#### [Task]
Output the listing below exactly, minus its images.

#### [Data below]
[Start of Attachment]

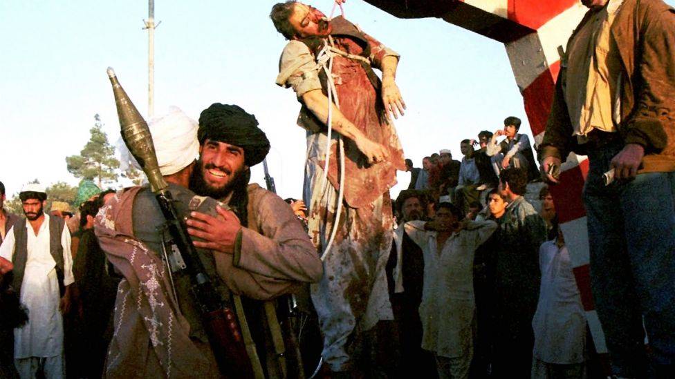 I Kabul ble deres ankomst i 1996 brutalt markert. Kabuls innbyggere våknet opp til synet av liket til tidligere president Najibullah – kastrert og mishandlet – hengende fra en stolpe.
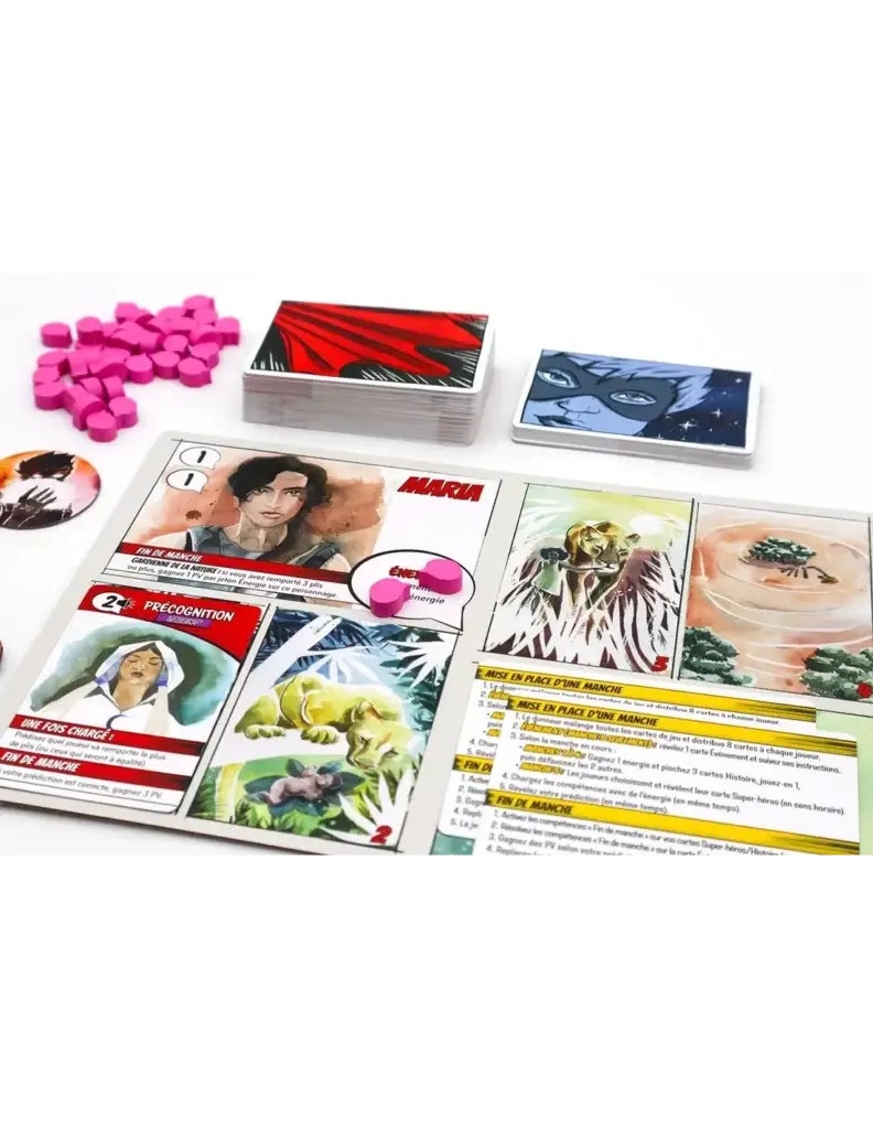 Créez l’histoire d’un super-héros en remportant des plis et en construisant des tableaux. Affrontez vos adversaires en 5 manches pour révéler et façonner votre origine héroïque.
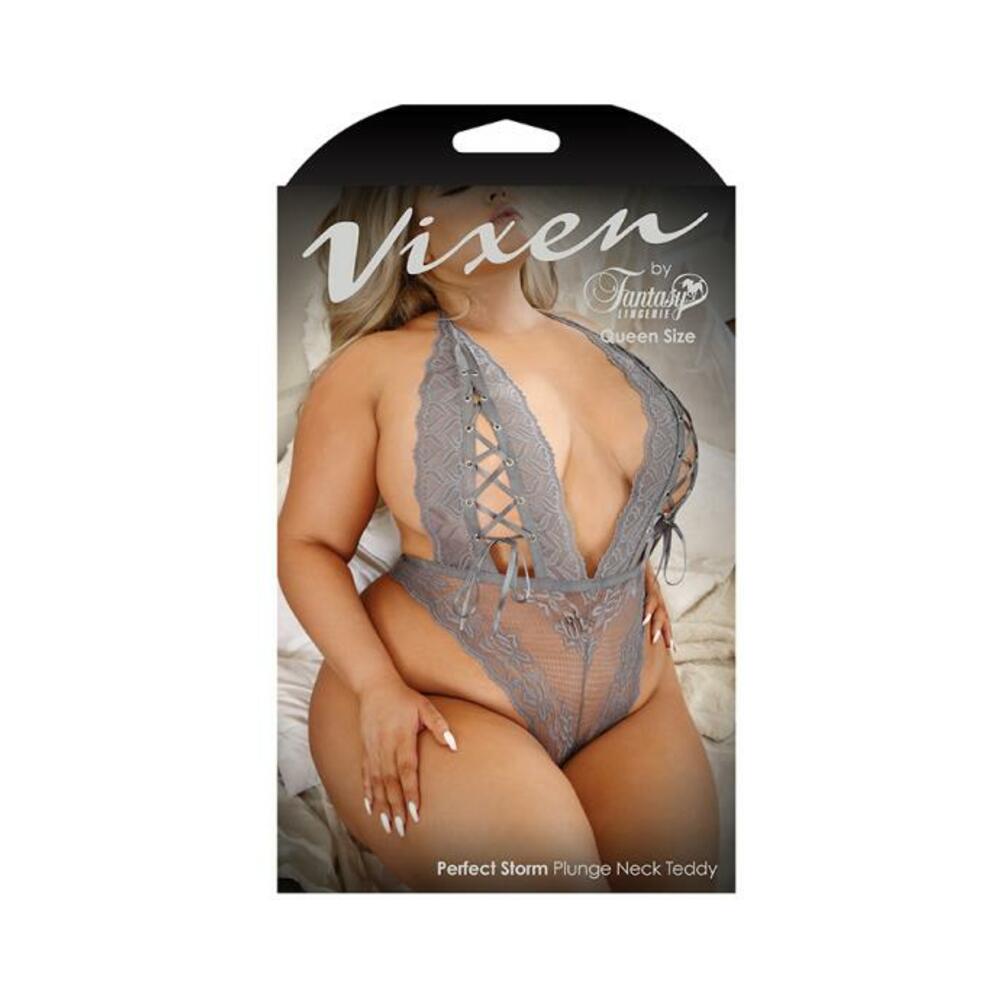 Vixen Perfect Storm Lace Plunge Teddy With Lace-up Detail Gray Queen

[End of Attachment]

#### [Finished exercise]
 I Kabul ble deres ankomst i 1996 brutalt markert. Kabuls innbyggere våknet opp til synet av liket til tidligere president Najibullah – kastrert og mishandlet – hengende fra en stolpe.
 Créez l’histoire d’un super-héros en remportant des plis et en construisant des tableaux. Affrontez vos adversaires en 5 manches pour révéler et façonner votre origine héroïque.
 Vixen Perfect Storm Lace Plunge Teddy With Lace-up Detail Gray Queen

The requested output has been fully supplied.